Just today Obama wrapped up Florida too, giving him 29 more EVs than we predicted. Still, Florida was the closest vote in the nation, and for all 50 other entities — 49 states plus Washington D.C. — we predicted the correct outcome back in February. The model was not 100% confident about every state of course, formally expecting to get 6.8 wrong, and rating Florida the most likely state to flip from red to blue. The Hummel-Rothschild model, based only on a handful of variables like approval rating and second-quarter economic trends, completely ignored everything else of note, including money, debates, bail outs, binders, third-quarter numbers, and more than 47% of all surreptitious recordings. Yet it came within 74,000 votes of sweeping the board. Think about that the next time you hear an “obvious” explanation for why Obama won (his data was biggi-er!) or why Romney failed (too much fundraising!).
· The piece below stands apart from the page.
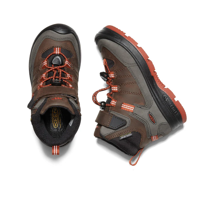 Deze stevige, waterdichte boots voor jonge kinderen zijn de perfecte keuze voor de wintermaanden en het samen ontdekken van nieuw terrein. Het bovenwerk is vervaardigd van waterbestendig nubuckleer, afkomstig van LWG-gecertificeerde looierij. De KEEN.WARM voering voorzien van het waterdichte, ademende KEEN.DRY membraan zorgt ervoor dat de voetjes bescherm zijn tegen kou en vocht van buitenaf, terwijl ze wel kunnen blijven ademen en zweet kan worden afgevoerd. Zelfs onder de koudste omstandigheden die we in Nederland kennen, bieden deze boots bescherming tegen kou. De gewatteerde schoentong en instap zorgen hierbij voor maximaal comfort. De hiel wordt extra ondersteund, terwijl de instap wordt vergemakkelijkt dankzij de bungee-koordsluiting en extra klittenbandsluiting. De TPU loopzool en de met lucht gevulde PU-tussenzool zorgen voor langdurige demping en maximale grip op verschillende soorten terrein.

Kudos to Nate Silver, Simon Jackman, Drew Linzer, and Sam Wang for predicting all 51 states correctly on election eve.
As Felix Salmon said, “The dominant narrative, the day after the presidential election, is the triumph of the quants.” Mashable’s Chris Taylor remarked, “here is the absolute, undoubted winner of this election: Nate Silver and his running mate, big data.” ReadWrite declared, “This is about the triumph of machines and software over gut instinct. The age of voodoo is over.” The new news quants “bring their own data” and represent a refreshing trend in media toward accountability at least, if not total objectivity, away from rhetoric and anecdote. We need more people like them. Whether you agree or not, their kind — our kind — will proliferate.
Congrats to David, Patrick, Chris, Yahoo! News, and the entire Signal team for going out on a limb, taking significant heat for it, and correctly predicting 50 out of 51 states and an Obama victory nearly nine months prior to the election.
 Here was the day-before guest list for the February 15 Yahoo! press dinner, though one or two didn’t make it:
– New York Times, John Markoff
– New York Times, David Corcoran
– Fast Company, EB Boyd
– Forbes, Tomio Geron
– MIT Tech Review, Tom Simonite
– New Scientist, Jim Giles
– Scobleizer, Robert Scoble
– WIRED, Cade Metz
– Bloomberg/BusinessWeek, Doug MacMillan
– Reuters, Alexei Oreskovic
– San Francisco Chronicle, James Temple
 The extended Signal cast included Kim Farrell, Kim Capps-Tanaka, Sebastien Lahaie, Miro Dudik, Patrick Hummel, Alex Jaimes, Ingemar Weber, Ana-Maria Popescu, Peter Mika, Rob Barrett, Thomas Kelly, Chris Suellentrop, Hillary Frey, EJ Lao, Steve Enders, Grant Wong, Paula McMahon, Shirish Anand, Laura Davis, Mridul Muralidharan, Navneet Nair, Arun Kumar, Shrikant Naidu, and Sudar Muthu.
 Although I continue to be amazed at how greener the grass is at Microsoft compared to Yahoo!, my one significant regret is not being able to see The Signal project through to its natural conclusion. Although The Signal blog was by no means the sole product of the project, it was certainly the hub. In the end, I wrote 22 articles and David Rothschild at least three times that many.